PROBLEM TO SOLVE. Below are records with pictures; copy word for word only the lines between the line with "Other additives have" and the line with "It takes a single", inclusive, and drop the pictures.

SUPPLIED DATA.
= = =

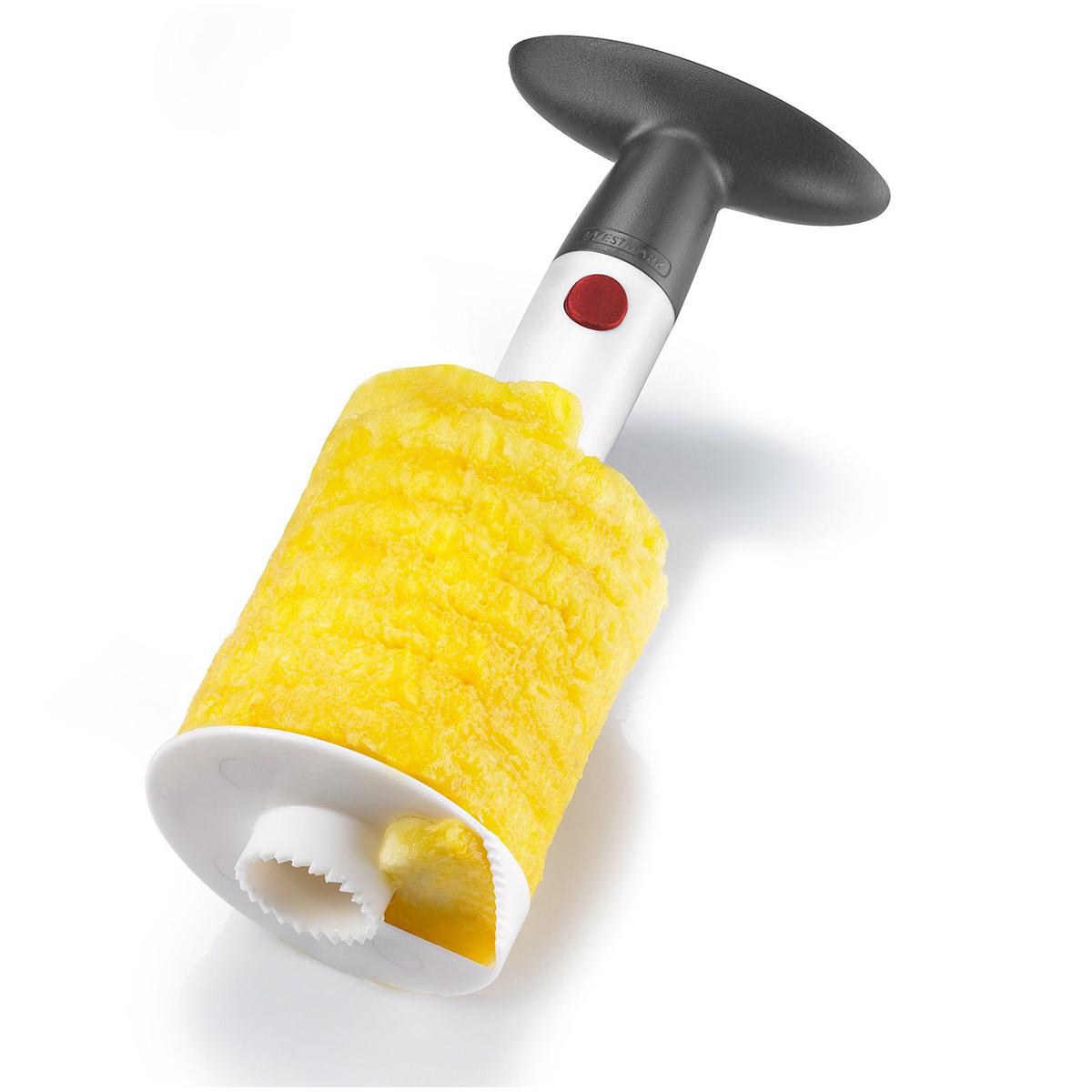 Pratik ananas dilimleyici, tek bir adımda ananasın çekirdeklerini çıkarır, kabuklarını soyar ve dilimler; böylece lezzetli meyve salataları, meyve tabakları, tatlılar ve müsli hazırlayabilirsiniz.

= = =

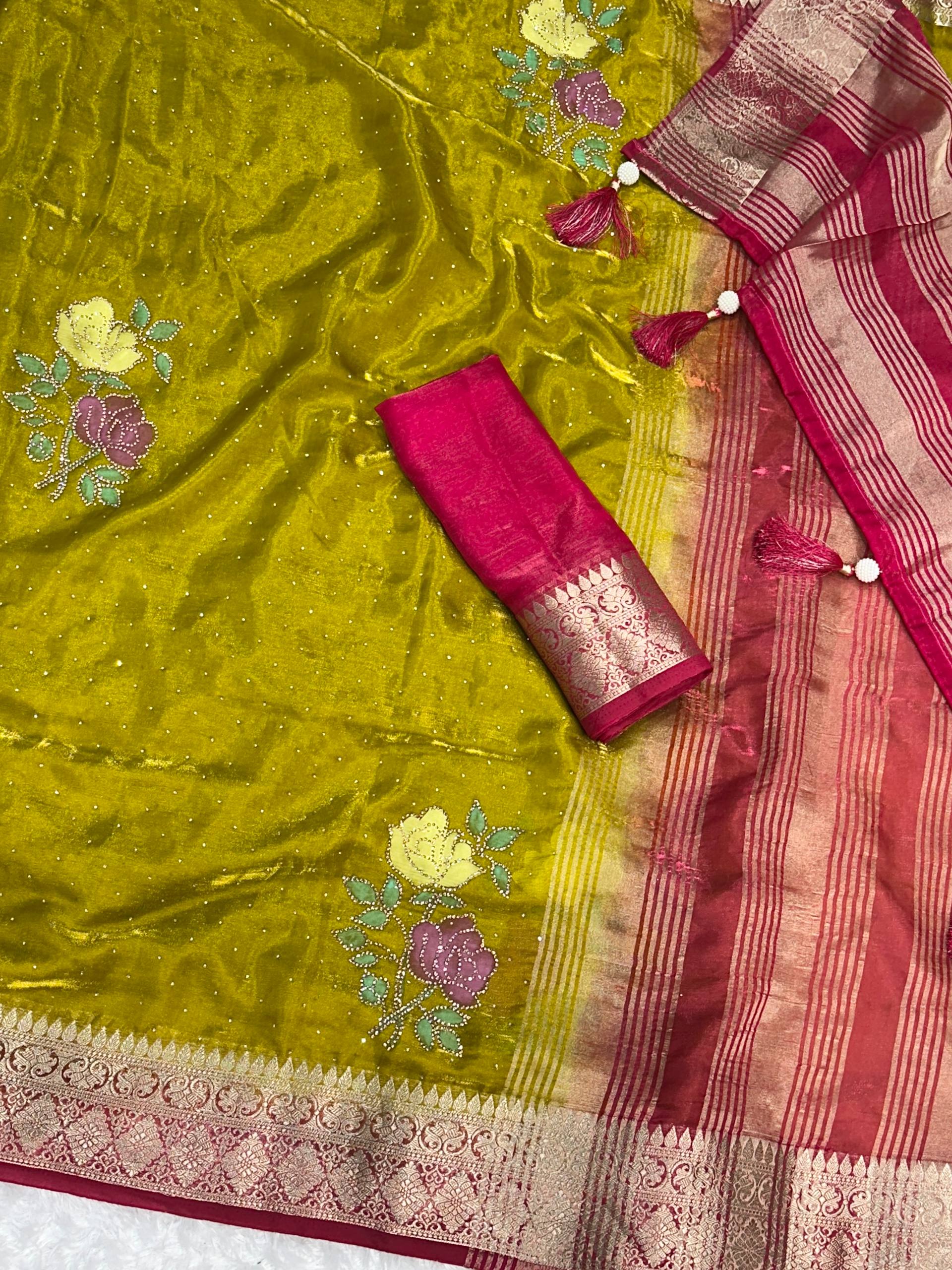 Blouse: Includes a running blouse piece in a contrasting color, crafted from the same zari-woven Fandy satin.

= = =

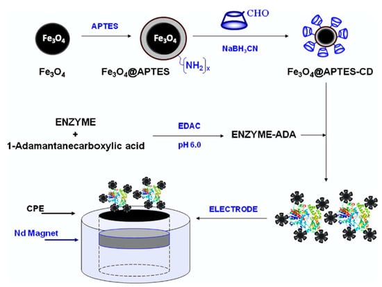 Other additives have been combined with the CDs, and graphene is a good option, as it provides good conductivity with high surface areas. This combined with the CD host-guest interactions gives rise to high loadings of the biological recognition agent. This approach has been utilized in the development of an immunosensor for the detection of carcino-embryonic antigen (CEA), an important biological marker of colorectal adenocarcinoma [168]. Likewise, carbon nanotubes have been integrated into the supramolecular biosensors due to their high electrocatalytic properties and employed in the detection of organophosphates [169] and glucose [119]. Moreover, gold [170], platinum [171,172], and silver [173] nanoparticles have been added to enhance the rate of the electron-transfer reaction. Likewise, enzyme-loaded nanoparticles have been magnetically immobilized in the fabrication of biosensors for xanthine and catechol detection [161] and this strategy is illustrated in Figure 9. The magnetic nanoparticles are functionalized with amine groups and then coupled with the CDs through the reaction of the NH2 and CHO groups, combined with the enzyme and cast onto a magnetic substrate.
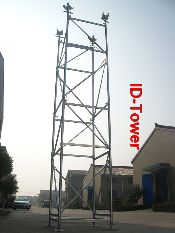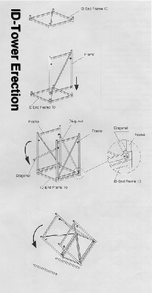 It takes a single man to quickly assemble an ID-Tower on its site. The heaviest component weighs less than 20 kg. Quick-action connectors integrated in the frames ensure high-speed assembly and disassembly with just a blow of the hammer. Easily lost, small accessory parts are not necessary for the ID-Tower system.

= = =

ANSWER SPACE.
 Other additives have been combined with the CDs, and graphene is a good option, as it provides good conductivity with high surface areas. This combined with the CD host-guest interactions gives rise to high loadings of the biological recognition agent. This approach has been utilized in the development of an immunosensor for the detection of carcino-embryonic antigen (CEA), an important biological marker of colorectal adenocarcinoma [168]. Likewise, carbon nanotubes have been integrated into the supramolecular biosensors due to their high electrocatalytic properties and employed in the detection of organophosphates [169] and glucose [119]. Moreover, gold [170], platinum [171,172], and silver [173] nanoparticles have been added to enhance the rate of the electron-transfer reaction. Likewise, enzyme-loaded nanoparticles have been magnetically immobilized in the fabrication of biosensors for xanthine and catechol detection [161] and this strategy is illustrated in Figure 9. The magnetic nanoparticles are functionalized with amine groups and then coupled with the CDs through the reaction of the NH2 and CHO groups, combined with the enzyme and cast onto a magnetic substrate.
 It takes a single man to quickly assemble an ID-Tower on its site. The heaviest component weighs less than 20 kg. Quick-action connectors integrated in the frames ensure high-speed assembly and disassembly with just a blow of the hammer. Easily lost, small accessory parts are not necessary for the ID-Tower system.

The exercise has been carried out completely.